*Exercise:* In the listing below, find the line containing "We had an excellent" and the line containing "Fotolijst - 6". Repeat exactly those two lines and every line between them, nothing more.
==== Materials provided ====
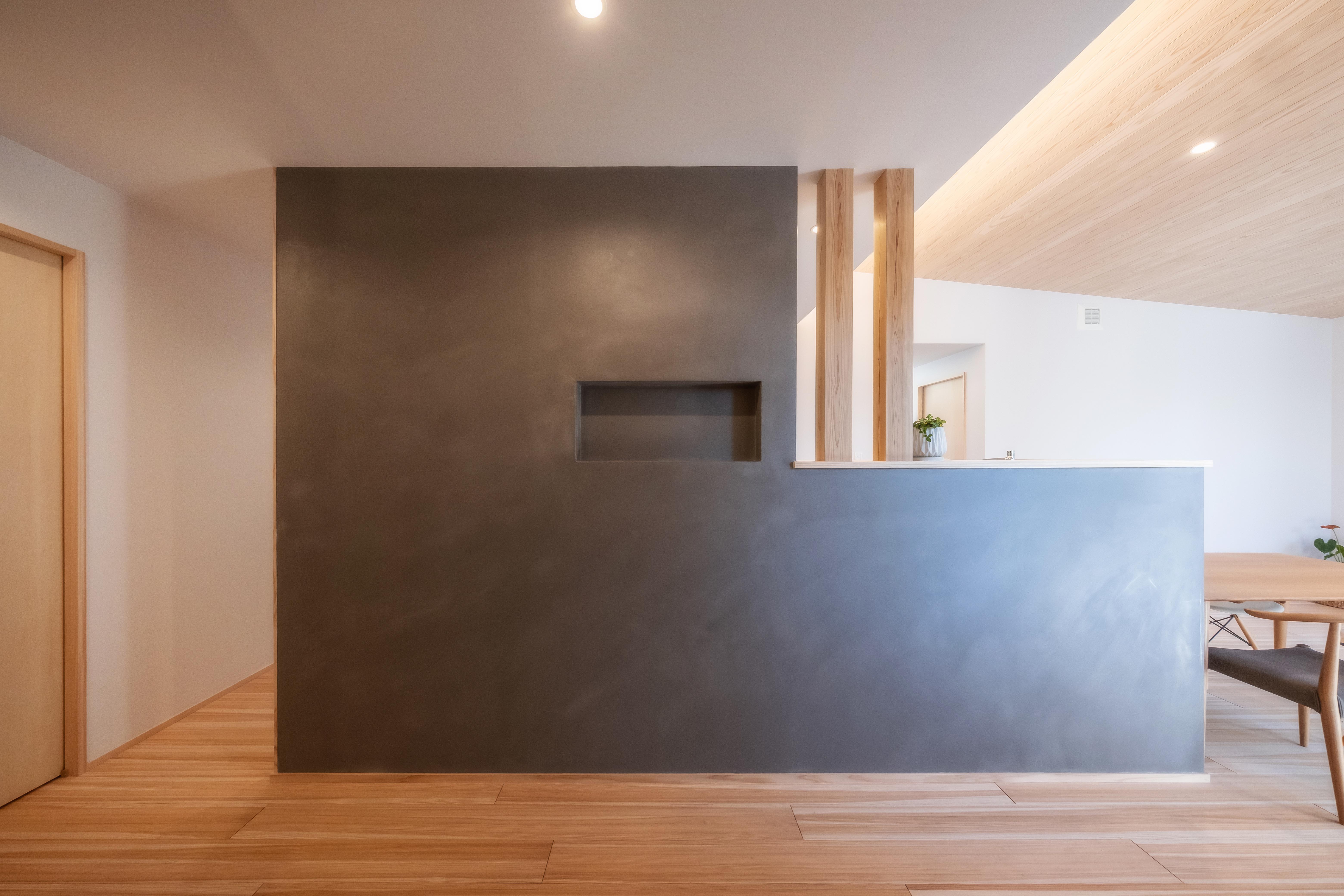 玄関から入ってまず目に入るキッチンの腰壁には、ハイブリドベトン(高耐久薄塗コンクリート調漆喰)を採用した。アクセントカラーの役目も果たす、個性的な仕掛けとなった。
====
==== Materials provided ====
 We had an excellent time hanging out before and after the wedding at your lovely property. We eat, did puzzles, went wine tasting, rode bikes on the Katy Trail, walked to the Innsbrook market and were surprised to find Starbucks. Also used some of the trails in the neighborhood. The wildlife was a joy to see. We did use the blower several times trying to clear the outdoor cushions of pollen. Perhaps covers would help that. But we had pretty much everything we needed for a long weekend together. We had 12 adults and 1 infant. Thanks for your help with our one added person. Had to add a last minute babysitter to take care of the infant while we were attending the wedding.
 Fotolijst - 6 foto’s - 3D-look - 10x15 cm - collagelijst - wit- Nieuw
====
==== Materials provided ====
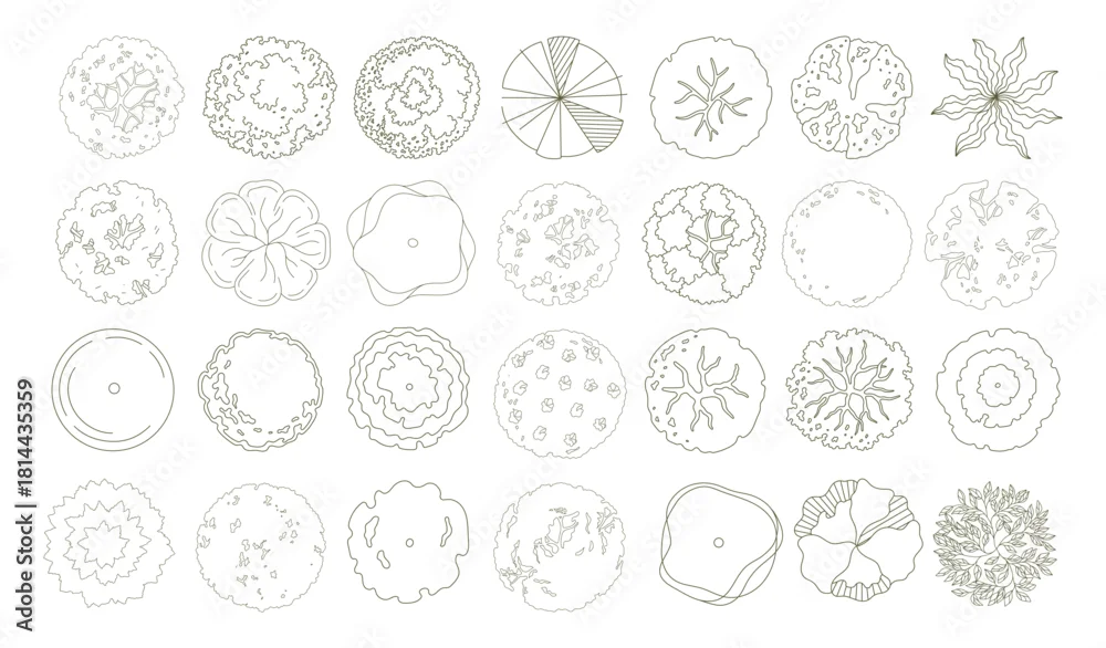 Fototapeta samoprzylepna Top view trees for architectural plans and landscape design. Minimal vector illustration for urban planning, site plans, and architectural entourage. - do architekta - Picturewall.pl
====
*Result of the exercise:*
 We had an excellent time hanging out before and after the wedding at your lovely property. We eat, did puzzles, went wine tasting, rode bikes on the Katy Trail, walked to the Innsbrook market and were surprised to find Starbucks. Also used some of the trails in the neighborhood. The wildlife was a joy to see. We did use the blower several times trying to clear the outdoor cushions of pollen. Perhaps covers would help that. But we had pretty much everything we needed for a long weekend together. We had 12 adults and 1 infant. Thanks for your help with our one added person. Had to add a last minute babysitter to take care of the infant while we were attending the wedding.
 Fotolijst - 6 foto’s - 3D-look - 10x15 cm - collagelijst - wit- Nieuw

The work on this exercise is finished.